There was a huge kerfuffle about the "new Facebook" last week while I was away, and I purposely refrained from joining in because (1) I was traveling and using Facebook only on my iPad which didn't appear to be affected; and (2) I thought the whole uproar was simply much ado about nothing.

Today I logged on for the first time since the big makeover and must admit the complaints are valid. But in the overall scheme of "life in general," changes to the Facebook format are hardly worthy of the hue and cry they warranted last week, so I will restrain myself from further hyperbole on the subject.
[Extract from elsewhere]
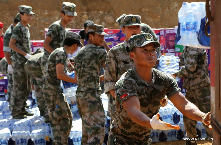 Soldiers unload the newly brought disaster relief materials after a 6.5-magnitude earthquake in Ludian County of Zhaotong, southwest China's Yunnan Province, Aug. 10, 2014. Disaster relief work is in progress after the earthquake struck Yunnan. Civilians in temporary settlements within areas that are most severely affected have already had access to fresh meal and potable water. (Xinhua/Pei Xin) |

Things seem to become blown out of proportion so often in the world today.  It's human nature to complain, and because of things like Facebook we're all able to vent our frustrations more readily. After all, when the Pony Express riders changed their route, or the corner newstand raised prices on the Daily Gazette, any complaints about the matter were likely to remain between families on the homestead or folks meeting up in the general store.  Nowadays, when our social network gets reorganized we have the perfect vehicle with which to voice our displeasure to the entire world  -  that very same social network itself.

However, it's part of the risk we take in placing our personal lives within the framework of a huge conglomerate like Facebook. They have the prerogative to change things up however they please. If you've spent any time on the internet at all in the past 10 years, you must realize it's anything but static.

Change is the lifeblood of the digital age, and regular transfusions are mandatory.

At the risk of sounding like a curmudgeon, perhaps we should marshal our indignation for things that really matter, rather than making a fuss about new Facebook formats.

There is much going on in this world that's worthy of ado. Maybe we should all be about making it.